#### Brief
Should any entry include an image, skip the image and copy the entry exactly.

#### Supplied material
*** Block opens ***

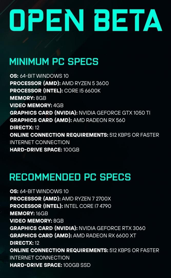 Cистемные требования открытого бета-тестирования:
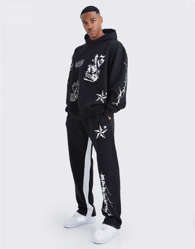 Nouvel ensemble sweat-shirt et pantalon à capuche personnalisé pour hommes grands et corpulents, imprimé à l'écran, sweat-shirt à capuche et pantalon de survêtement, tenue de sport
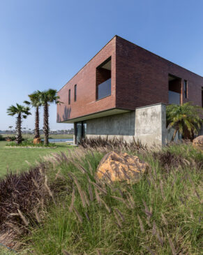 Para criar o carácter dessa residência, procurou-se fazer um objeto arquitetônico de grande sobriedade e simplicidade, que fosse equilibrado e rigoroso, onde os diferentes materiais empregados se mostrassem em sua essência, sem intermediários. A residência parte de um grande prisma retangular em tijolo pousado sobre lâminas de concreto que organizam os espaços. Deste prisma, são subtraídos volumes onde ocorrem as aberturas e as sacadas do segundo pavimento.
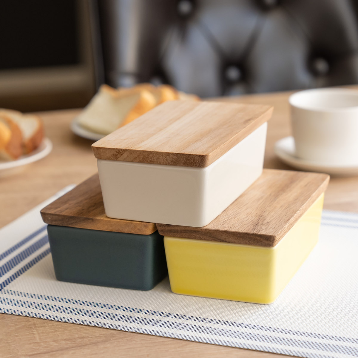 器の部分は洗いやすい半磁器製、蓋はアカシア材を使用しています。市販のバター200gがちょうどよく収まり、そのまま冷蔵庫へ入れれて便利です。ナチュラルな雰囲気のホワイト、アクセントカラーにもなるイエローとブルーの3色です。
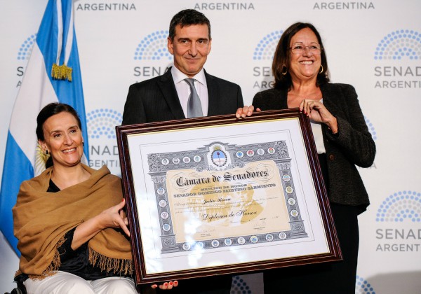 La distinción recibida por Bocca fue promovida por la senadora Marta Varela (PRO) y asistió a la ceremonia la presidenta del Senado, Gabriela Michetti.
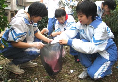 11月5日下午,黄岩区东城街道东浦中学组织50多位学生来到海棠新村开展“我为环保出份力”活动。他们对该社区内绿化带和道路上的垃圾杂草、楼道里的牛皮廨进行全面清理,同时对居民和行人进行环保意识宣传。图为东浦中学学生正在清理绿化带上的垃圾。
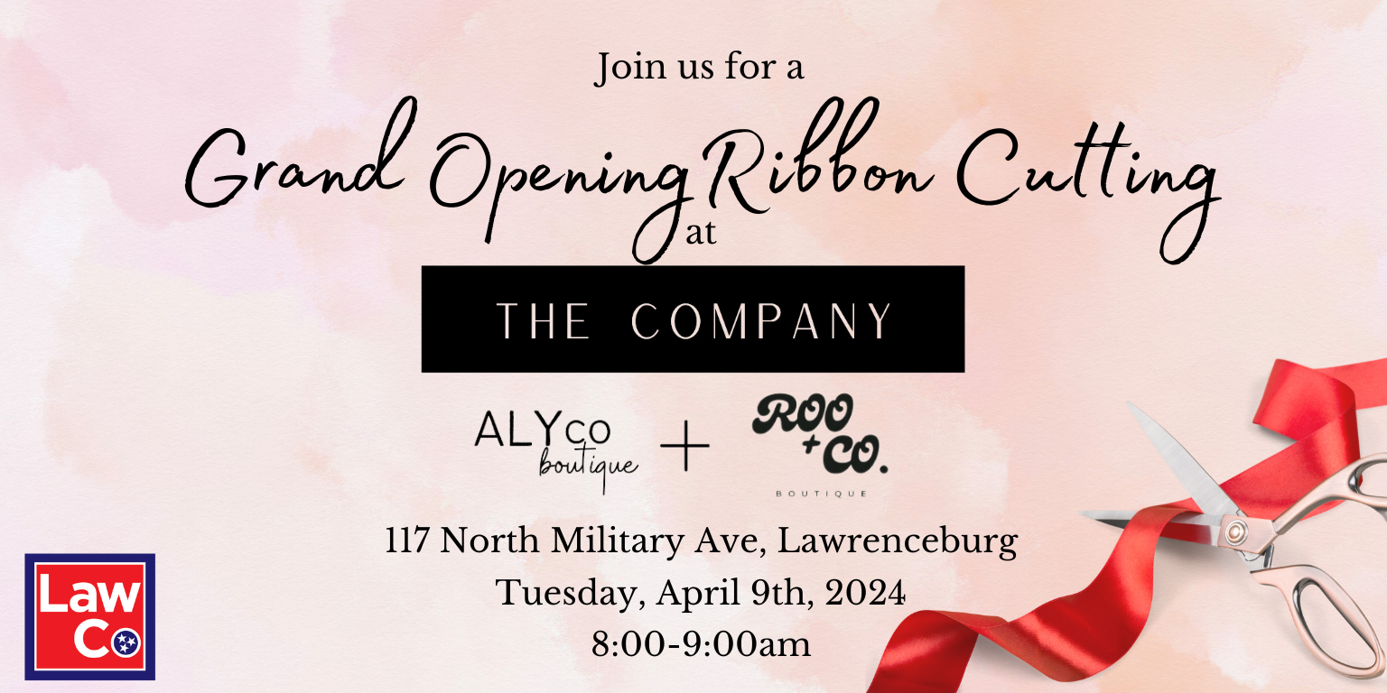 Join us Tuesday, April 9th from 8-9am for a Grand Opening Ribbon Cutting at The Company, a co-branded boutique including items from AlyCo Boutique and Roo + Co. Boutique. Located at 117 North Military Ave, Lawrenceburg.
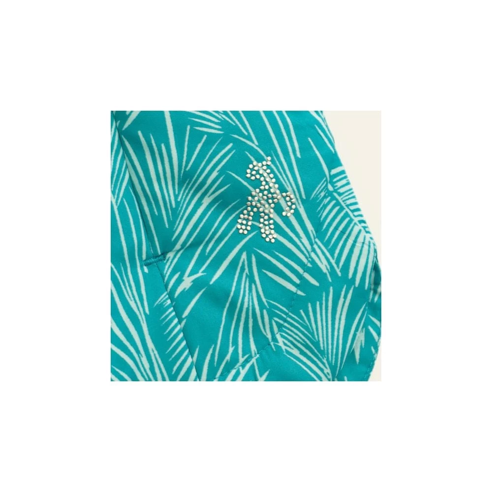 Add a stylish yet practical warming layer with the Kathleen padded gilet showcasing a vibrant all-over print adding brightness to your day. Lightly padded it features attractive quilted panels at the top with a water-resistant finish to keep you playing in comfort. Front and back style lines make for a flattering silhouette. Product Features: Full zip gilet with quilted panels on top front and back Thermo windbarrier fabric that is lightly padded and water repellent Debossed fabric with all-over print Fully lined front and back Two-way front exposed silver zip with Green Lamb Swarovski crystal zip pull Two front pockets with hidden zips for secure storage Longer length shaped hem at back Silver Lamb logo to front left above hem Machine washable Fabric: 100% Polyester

*** Block closes ***

#### Task result
 Cистемные требования открытого бета-тестирования:
 Nouvel ensemble sweat-shirt et pantalon à capuche personnalisé pour hommes grands et corpulents, imprimé à l'écran, sweat-shirt à capuche et pantalon de survêtement, tenue de sport
 Para criar o carácter dessa residência, procurou-se fazer um objeto arquitetônico de grande sobriedade e simplicidade, que fosse equilibrado e rigoroso, onde os diferentes materiais empregados se mostrassem em sua essência, sem intermediários. A residência parte de um grande prisma retangular em tijolo pousado sobre lâminas de concreto que organizam os espaços. Deste prisma, são subtraídos volumes onde ocorrem as aberturas e as sacadas do segundo pavimento.
 器の部分は洗いやすい半磁器製、蓋はアカシア材を使用しています。市販のバター200gがちょうどよく収まり、そのまま冷蔵庫へ入れれて便利です。ナチュラルな雰囲気のホワイト、アクセントカラーにもなるイエローとブルーの3色です。
 La distinción recibida por Bocca fue promovida por la senadora Marta Varela (PRO) y asistió a la ceremonia la presidenta del Senado, Gabriela Michetti.
 11月5日下午,黄岩区东城街道东浦中学组织50多位学生来到海棠新村开展“我为环保出份力”活动。他们对该社区内绿化带和道路上的垃圾杂草、楼道里的牛皮廨进行全面清理,同时对居民和行人进行环保意识宣传。图为东浦中学学生正在清理绿化带上的垃圾。
 Join us Tuesday, April 9th from 8-9am for a Grand Opening Ribbon Cutting at The Company, a co-branded boutique including items from AlyCo Boutique and Roo + Co. Boutique. Located at 117 North Military Ave, Lawrenceburg.
 Add a stylish yet practical warming layer with the Kathleen padded gilet showcasing a vibrant all-over print adding brightness to your day. Lightly padded it features attractive quilted panels at the top with a water-resistant finish to keep you playing in comfort. Front and back style lines make for a flattering silhouette. Product Features: Full zip gilet with quilted panels on top front and back Thermo windbarrier fabric that is lightly padded and water repellent Debossed fabric with all-over print Fully lined front and back Two-way front exposed silver zip with Green Lamb Swarovski crystal zip pull Two front pockets with hidden zips for secure storage Longer length shaped hem at back Silver Lamb logo to front left above hem Machine washable Fabric: 100% Polyester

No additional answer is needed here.